I attempted to recreate this drink to share with friends at a potluck yesterday evening. It was simple to put together and served as a great accompaniment to cool down the delicious spice-packed food that my friends concocted. I have a feeling that this drink will be making its way into my glasses quite often this summer, and even when the summer fades and the cold sets in, I’m making a mental note to make a batch of this lemonade to refresh even the wintriest of days with a summer state of mind.

Mint Lemonade
1/2 cup sugar
3 1/2 cups water
7 lemons
1 cup mint leaves

To make simple syrup: In small saucepot, boil together 1/2 cup sugar and 1/2 cup water until sugar is dissolved (microwave method: microwave 1/2 cup sugar and 1/2 cup water for 2 minutes).
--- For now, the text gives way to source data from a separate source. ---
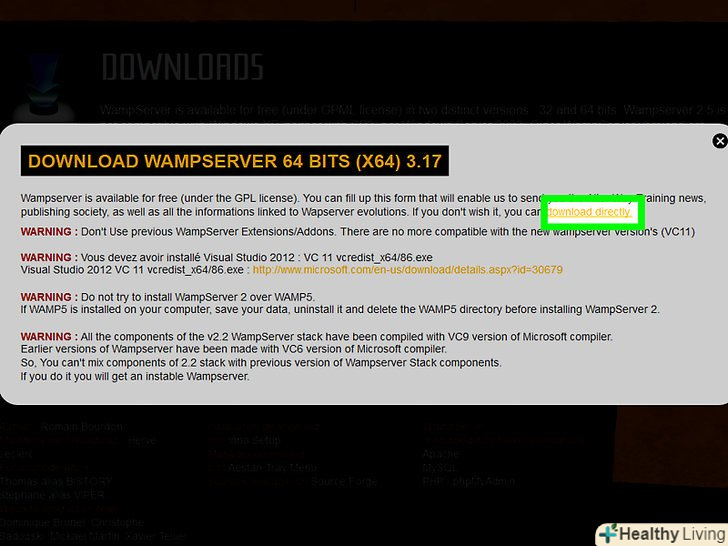 Клацніть по посиланнюDownload directly (завантажити безпосередньо). вона знаходиться у верхній правій частині спливаючого вікна. Відкриється сторінка Source Forge, на якій можна завантажити обрану версію WAMP.
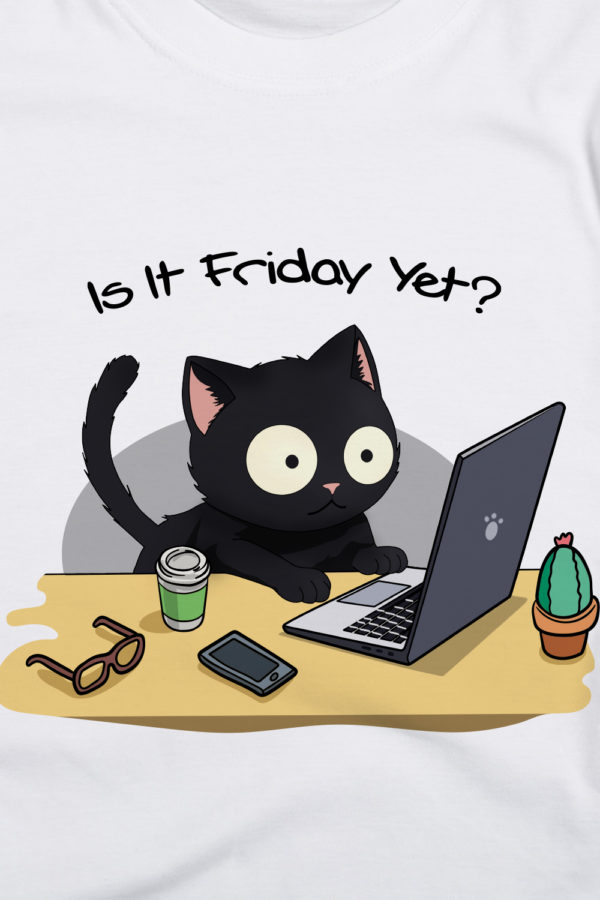 เสื้อยืด ลาย น้องแมวรอคอยวันศุกร์ Is it Friday Yet? (มีสองภาษา ไทยและอังกฤษ)
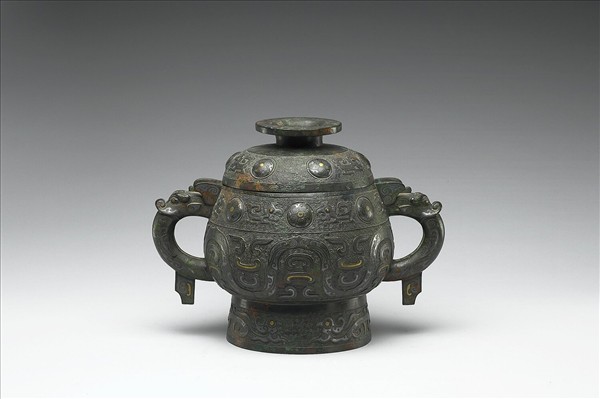 附蓋圓簋,子母口,雙耳,圓腹,圈足,耳作獸首形附珥。全器錯金銀,蓋、頸飾冏紋、夔紋,腹飾波帶紋,足飾鳥紋,均以雷紋為地。蓋、器均有銘四行。
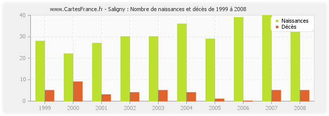 Saligny : évolution des naissances et décès de 1968 à 2007
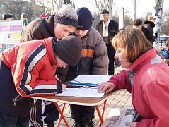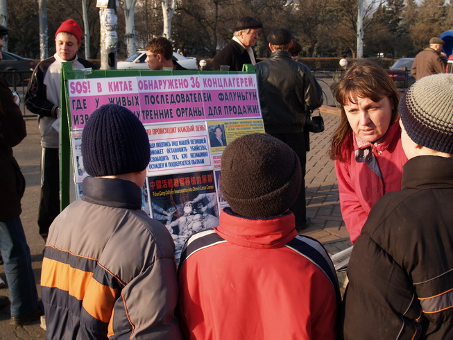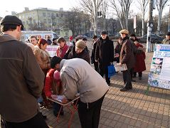【明慧网二零零六年十二月十九日】二零零六年十二月十七日,乌克兰克拉玛托尔斯克(Kramatorsk)的法轮功学员在城市中心举行活动,利用两位中国籍法轮功学员在乌克兰申请难民的机会向世人揭露中共
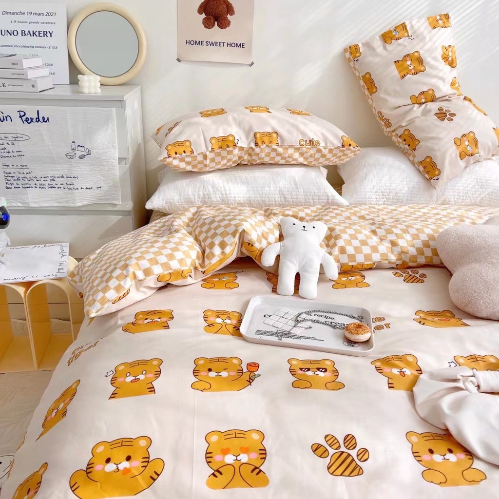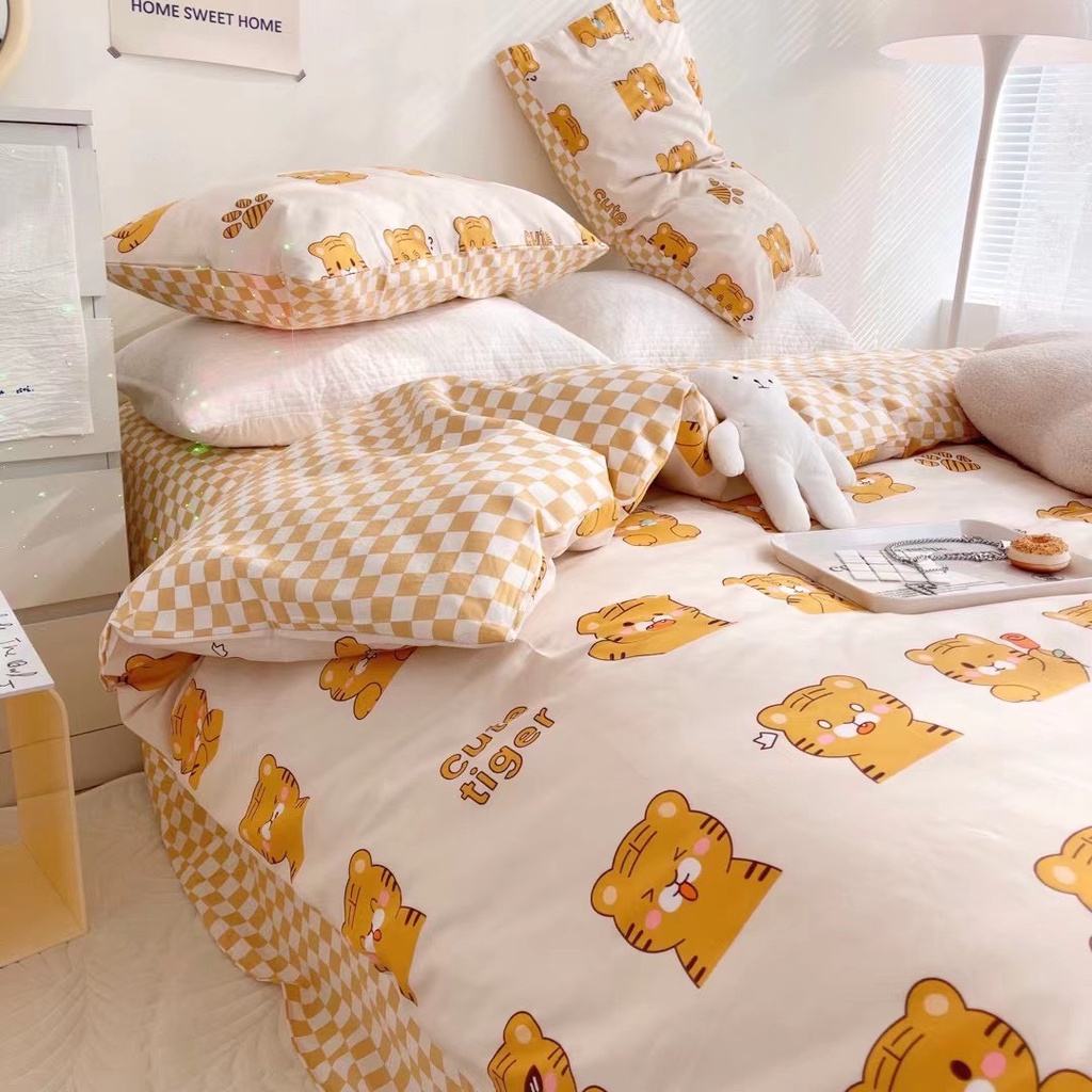 bộ chăn ga gối cotton living lonaabedding hổ vàng style tiger ( full size)
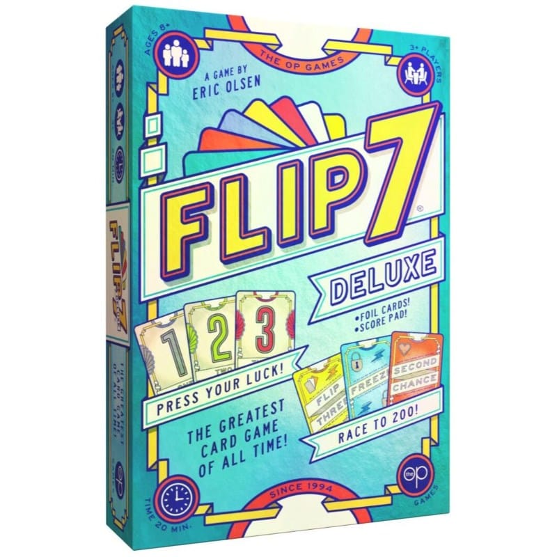 Flip over cards one by one without flipping the same number twice.Sound easy? Think again! This isn't just any deck of cards… In Flip 7™ Deluxe there's only one 1 card, two 2's, three 3’s, etc. plus a bunch of special cards that can score you extra points, give you a second chance, or freeze you or your opponents in your tracks. Are you the type of player to play it safe and bank points before you bust, or are you going to risk it all and go for the bonus points by flipping over seven in a row? Press your luck meets strategy in this addictive card game that's sure to be the greatest card game you’ve ever played!
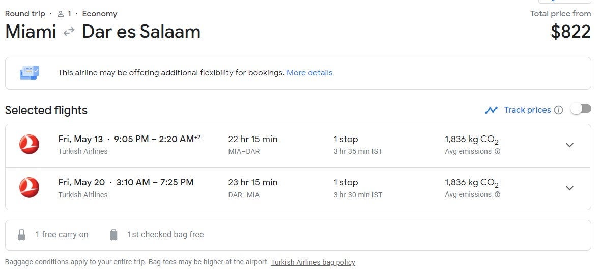 Flights from Miami (MIA) to Dar es Salaam (DAR) start at $822 round trip in May. According to Google Flights, this price is over $250 cheaper than usual for the dates below.
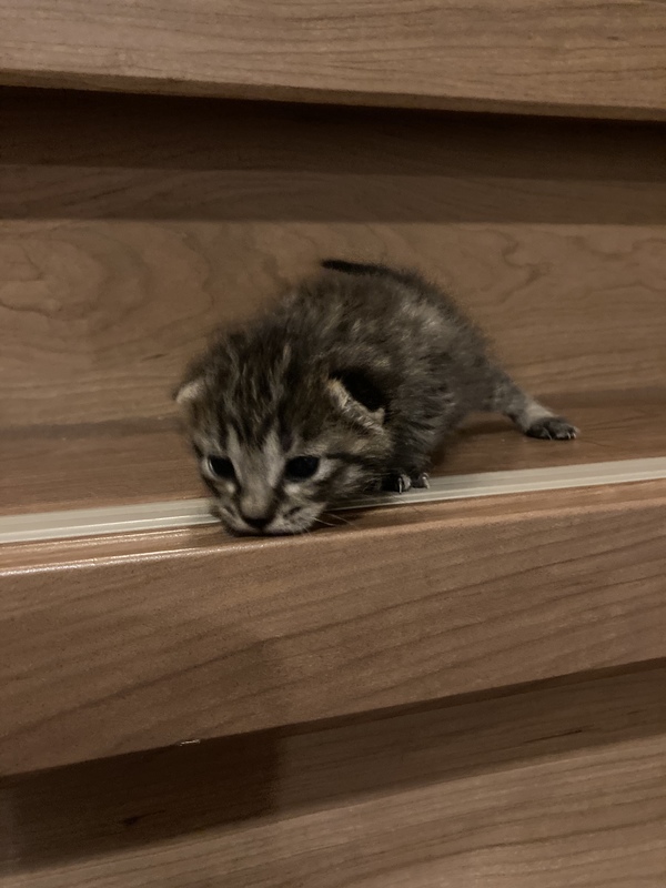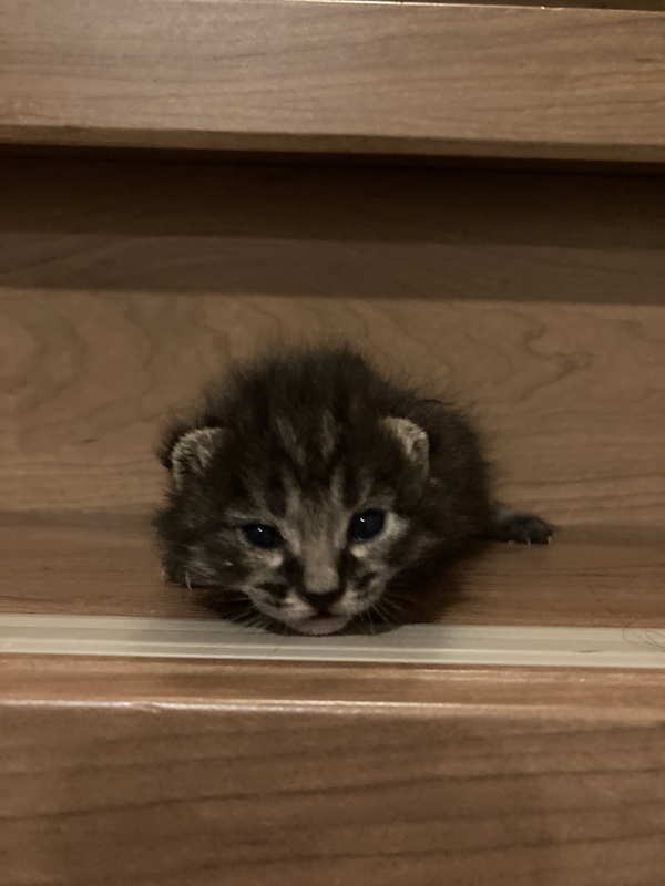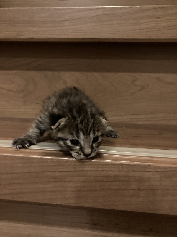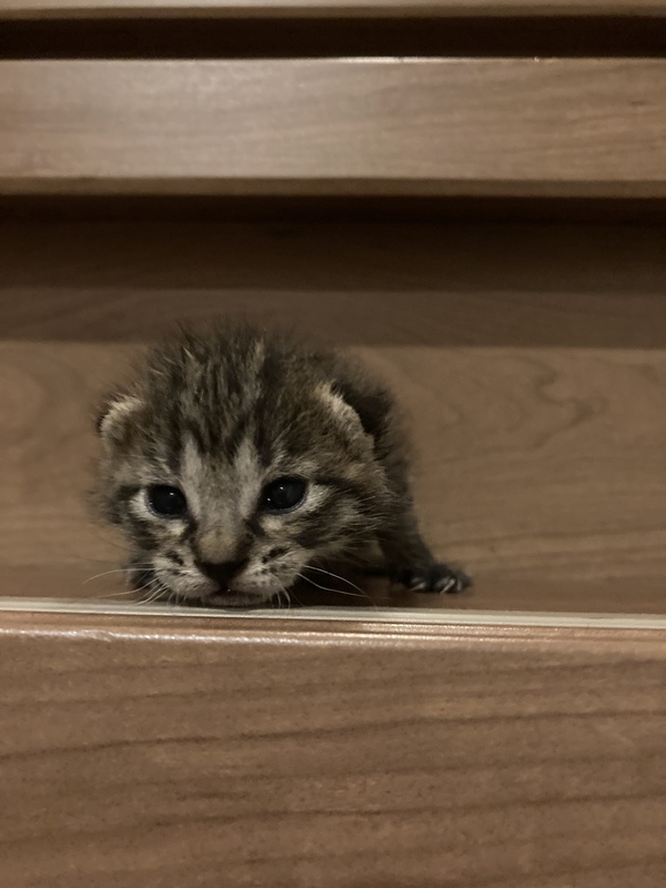 | 特徴(性格など) | キジトラ柄の赤ちゃん猫です。1匹は黒っぽく、もう1匹はグレーっぽいです。歯はまだ生えておらず、まだよちよちしか歩けません。赤ちゃん猫用のミルクを飲ませています。離乳が終わってからのお引き取りでも構いませんので、よろしくお願いします。 | ||

Let it cool to room temperature. The simple syrup can also be made ahead and stored in the fridge.

Juice 6 lemons into a large pitcher or container, straining out the pulp and seeds. This should make a little more than 1/2 cup of lemon juice. Add 3 cups of cold water and mint leaves. Cut the remaining lemon into thin slices and add to the mixture. Add about 2 cups of ice cubes. Stir lemonade, cover, and store in fridge for at least 1 hour before serving. Serve with extra ice cubes.

To make Mint Arnold Palmers: Fill a glass half-full with mint lemonade and fill the remaining half with iced black tea.